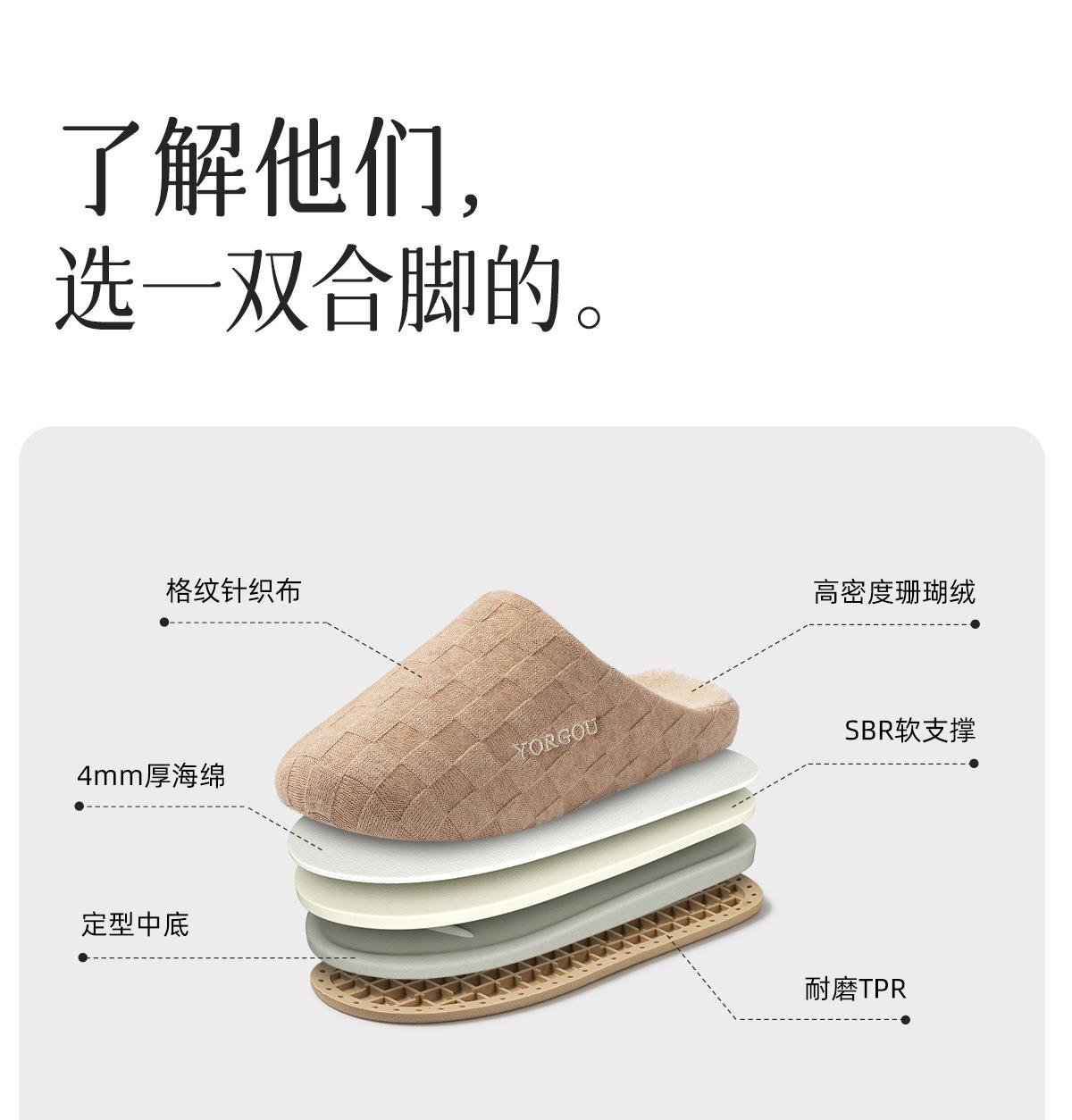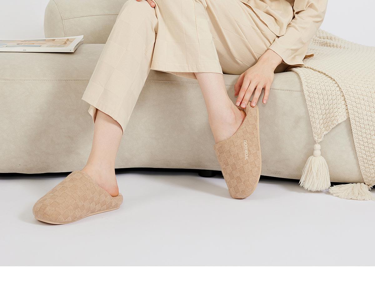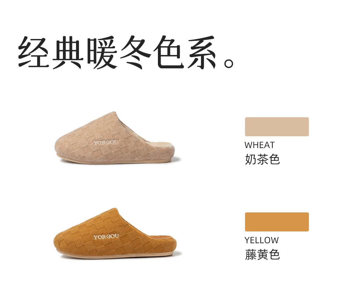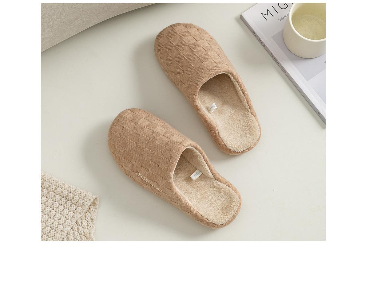 远港2025新款棋盘格棉拖鞋女秋冬季保暖加绒室内居家用地板拖鞋男
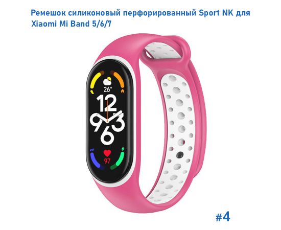 Ремешок силиконовый перфорированный Great Case Sport NK для Xiaomi Mi Band 5/6/7, 250мм, на кнопке, розовый+белый (4)
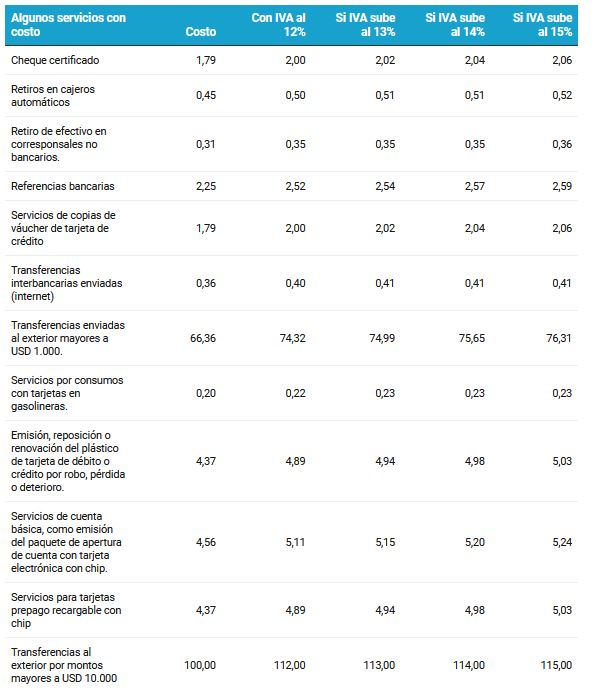 Cerca de 60 tipos de servicios financieros están gravados con Impuesto al Valor Agregado en Ecuador (IVA) en Ecuador, según la Junta de Política y Regulación Financiera. Con el alza del IVA del 12% al 13% de manera permanente, el costo de estos servicios también subirá. El veto parcial del presidente de la República, Daniel Noboa, al Proyecto de Ley para enfrentar el conflicto armado interno en Ecuador, quedó ratificado el 9 de febrero, luego de que el Pleno de la Asamblea no alcanzara los votos para pronunciarse sobre el veto. Además del aumento permanente del IVA, el Parlamento podrá facultar al presidente para incrementar el tributo hasta 15%, con base en las «condiciones de las finanzas públicas y de balanzas de pago», según el veto presidencial.
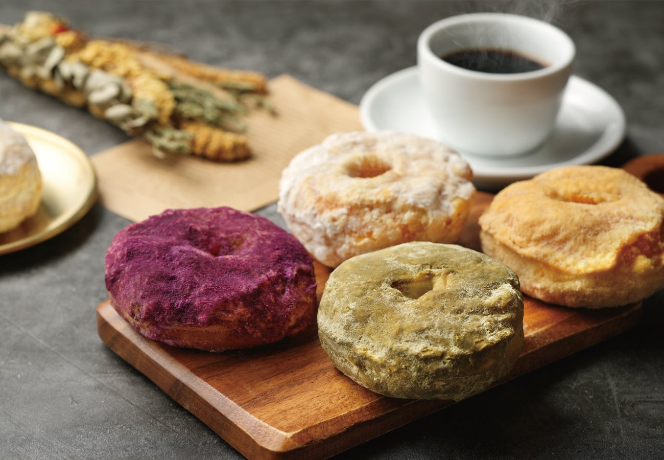台湾ドーナツの外はさくっと、中はふわっと軽い食感に仕上げ、ジャスミンや紫芋など台湾らしい香りをまとわせました。
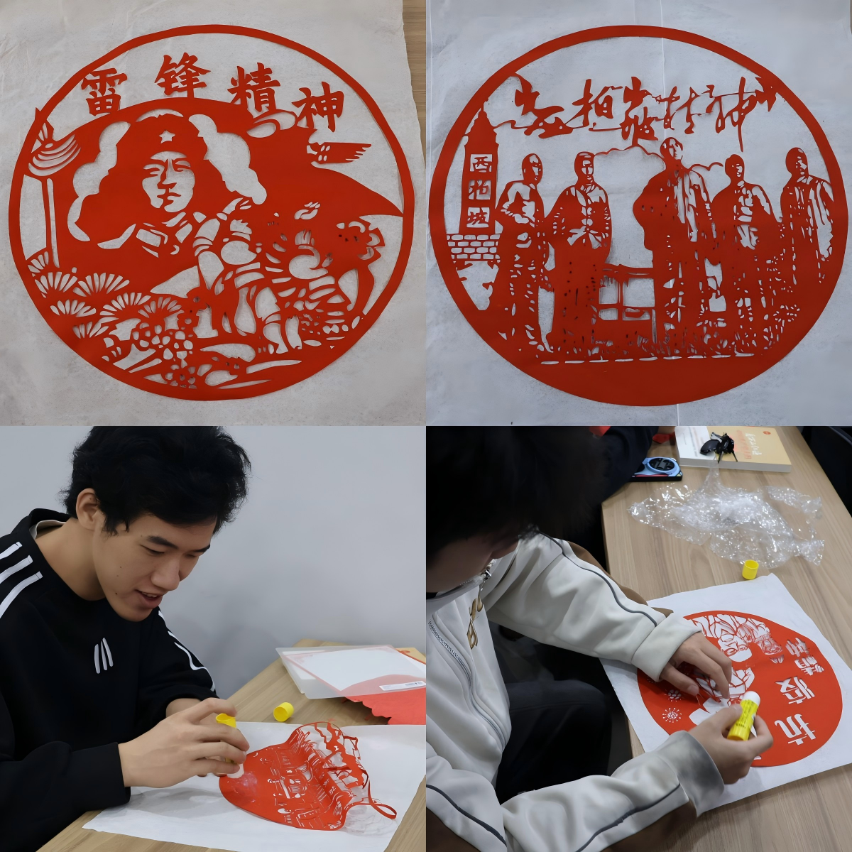 学思践悟精神谱系,红色剪纸述说党情。智能感知实验室研究生第二党支部书记史珂首先以“中国共产党人的精神谱系:深入学习伟大建党精神”为题,从伟大建党精神形成的历史背景到其科学内涵及时代意义进行了深入浅出的讲解。支部成员开展《中国共产党人的精神谱系》读书会,围绕书中的学习感悟展开讨论,分享那些触动心灵的瞬间,以及党的精神谱系对当代青年学子成长和工作的重要启示。随后,依托传统红色剪纸的认知、教化、表意、抒情等社会价值,支部成员运用剪纸的视觉形象和造型特色,抒发青年学子对党对国家的热爱之情,深刻领悟中国共产党人坚定的理想信念和顽强斗争的精神,用手中的剪刀和红纸,剪出对党的热爱,剪出对先辈的敬仰,完成对红色文化的一次深情诠释。
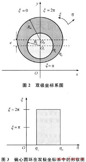 在直角坐標系中,偏心圓的幾何形狀是不規(guī)則的,為了使邊界條件簡化,引入雙極坐標系;ξ和η為雙極坐標系的坐標分量,η從-∞到+∞;ξ從0到2π,可以覆蓋全平面;e為偏心距,即兩圓圓心的距離[5~6],如圖2所示。
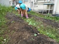 亀の様子を見た後は、5歳児の子どもたちは、黒枝豆を畑に植えつけました。

---

■ Goal of the exercise: Would you give again exactly the lines from the line containing "Ремешок силиконовый перфорированный" through the end of the listing, both ends included, without any pictures?

■ Response to this task:
 Ремешок силиконовый перфорированный Great Case Sport NK для Xiaomi Mi Band 5/6/7, 250мм, на кнопке, розовый+белый (4)
 Cerca de 60 tipos de servicios financieros están gravados con Impuesto al Valor Agregado en Ecuador (IVA) en Ecuador, según la Junta de Política y Regulación Financiera. Con el alza del IVA del 12% al 13% de manera permanente, el costo de estos servicios también subirá. El veto parcial del presidente de la República, Daniel Noboa, al Proyecto de Ley para enfrentar el conflicto armado interno en Ecuador, quedó ratificado el 9 de febrero, luego de que el Pleno de la Asamblea no alcanzara los votos para pronunciarse sobre el veto. Además del aumento permanente del IVA, el Parlamento podrá facultar al presidente para incrementar el tributo hasta 15%, con base en las «condiciones de las finanzas públicas y de balanzas de pago», según el veto presidencial.
台湾ドーナツの外はさくっと、中はふわっと軽い食感に仕上げ、ジャスミンや紫芋など台湾らしい香りをまとわせました。
 学思践悟精神谱系,红色剪纸述说党情。智能感知实验室研究生第二党支部书记史珂首先以“中国共产党人的精神谱系:深入学习伟大建党精神”为题,从伟大建党精神形成的历史背景到其科学内涵及时代意义进行了深入浅出的讲解。支部成员开展《中国共产党人的精神谱系》读书会,围绕书中的学习感悟展开讨论,分享那些触动心灵的瞬间,以及党的精神谱系对当代青年学子成长和工作的重要启示。随后,依托传统红色剪纸的认知、教化、表意、抒情等社会价值,支部成员运用剪纸的视觉形象和造型特色,抒发青年学子对党对国家的热爱之情,深刻领悟中国共产党人坚定的理想信念和顽强斗争的精神,用手中的剪刀和红纸,剪出对党的热爱,剪出对先辈的敬仰,完成对红色文化的一次深情诠释。
 在直角坐標系中,偏心圓的幾何形狀是不規(guī)則的,為了使邊界條件簡化,引入雙極坐標系;ξ和η為雙極坐標系的坐標分量,η從-∞到+∞;ξ從0到2π,可以覆蓋全平面;e為偏心距,即兩圓圓心的距離[5~6],如圖2所示。
 亀の様子を見た後は、5歳児の子どもたちは、黒枝豆を畑に植えつけました。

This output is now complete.